Scientists are preparing to redefine the fundamental unit of time. It won’t get any longer or shorter, but it will be more precise — and a whole lot more powerful.

Modern civilization, it is said, would be impossible without measurement. And measurement would be pointless if we weren’t all using the same units.

So, for nearly 150 years, the world’s metrologists have agreed on strict definitions for units of measurement through the International Bureau of Weights and Measures, known by its French acronym, B.I.P.M., and based outside Paris.

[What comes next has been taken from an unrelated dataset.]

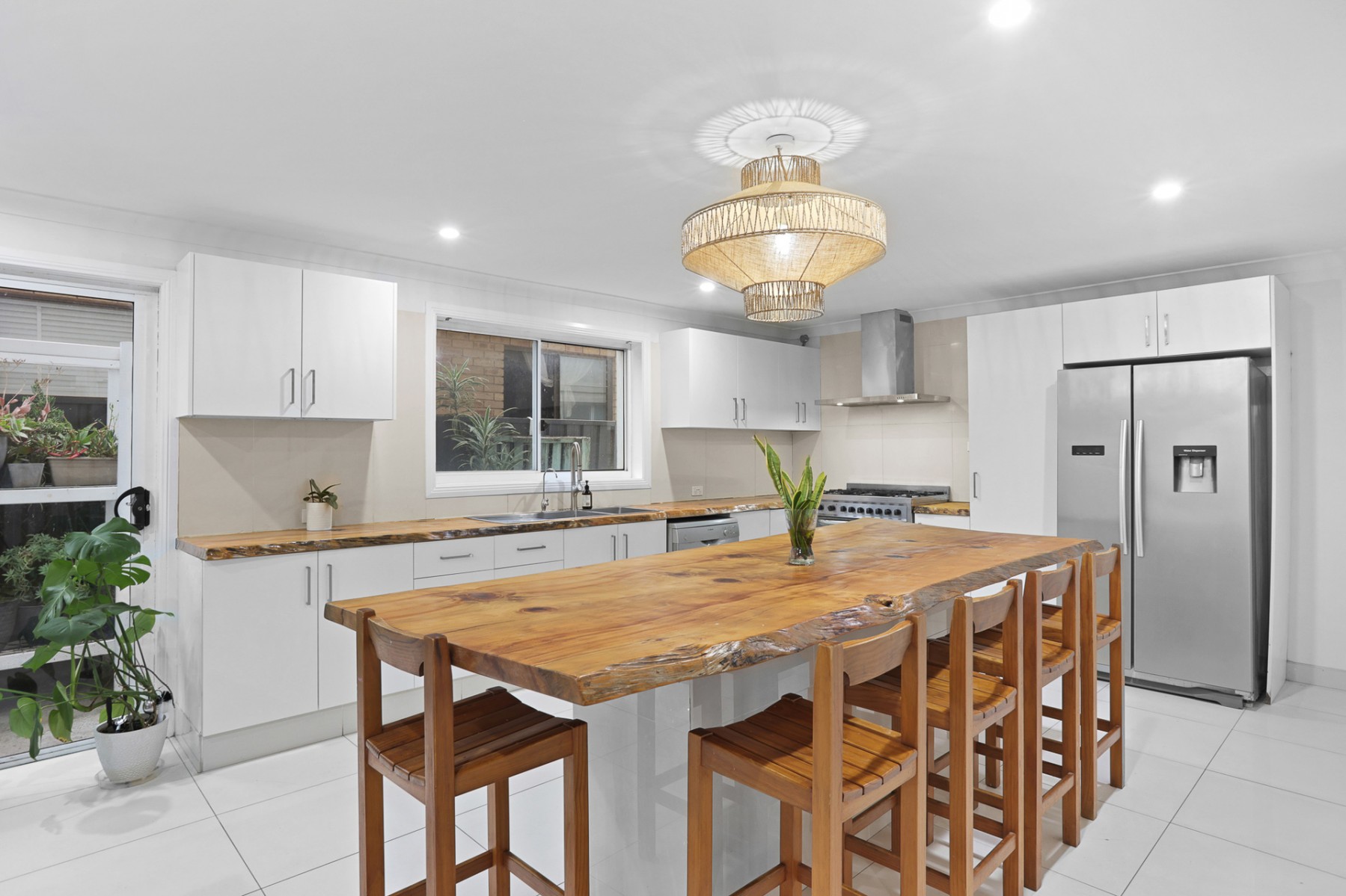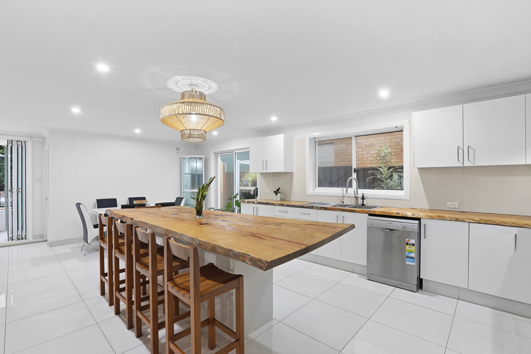 - Modern kitchen equipped with 5 burner gas cook top, double sink, large breakfast bar plus dishwasher

Nowadays the bureau regulates the seven base units that govern time, length, mass, electrical current, temperature, the intensity of light and the amount of a substance. Together, these units are the language of science, technology and commerce.

Scientists are constantly refining these standards. In 2018, they approved new definitions for the kilogram (mass), ampere (current), kelvin (temperature) and mole (amount of substance). Now, with the exception of the mole, all of the standards are subservient to one: time.

The meter, for example, is defined as the distance light travels in a vacuum during one-299,792,458th of a second. Likewise, the new definition of the kilogram rests on the second, in a manner too complicated to explain in fewer than several paragraphs.

“All the units now are not autonomous units, but they are all depending on the second,” said Noël C. Dimarcq, a physicist and the president of the B.I.P.M.’s consultative committee for time and frequency.

That means that conceptually, if clumsily, you could express other units, such as weight or length, in seconds.

“You go to the grocery and say, ‘I would like not one kilogram of potatoes, but an amount of seconds of potatoes,’” Dr. Dimarcq said.

Yet now, for the first time in more than a half-century, scientists are in the throes of changing the definition of the second, because a new generation of clocks is capable of measuring it more precisely.

In June, metrologists with the B.I.P.M. will have a final list of criteria that must be met to set the new definition. Dr. Dimarcq said he expected that most would be fulfilled by 2026, and that formal approval would happen by 2030.

It must be done carefully. The architecture of global measurement depends on the second, so when the unit’s definition changes, its duration must not.

Once, humans told time by looking at the heavens. But since 1967, metrologists have defined time instead by measuring what’s going on inside an atom — clocking, as it were, the eternal heartbeat of the universe. Atoms never wear out or slow down. Their properties do not change over time. They are the perfect timepieces. (By the middle of the 20th century, scientists had coaxed atoms of cesium 133 into divulging their secret inner ticks).

Despite that cesium-based definition, astronomical time and atomic time are still inextricably conjoined. For one thing, atomic time occasionally needs to be adjusted to match astronomical time because Earth continues to change its pace at an irregular rate, whereas atomic time remains constant.

And scientists are looking once more to the heavens for help. Now, though, it’s not to track the movements of planets or stars, but to use information from far beyond our galaxy.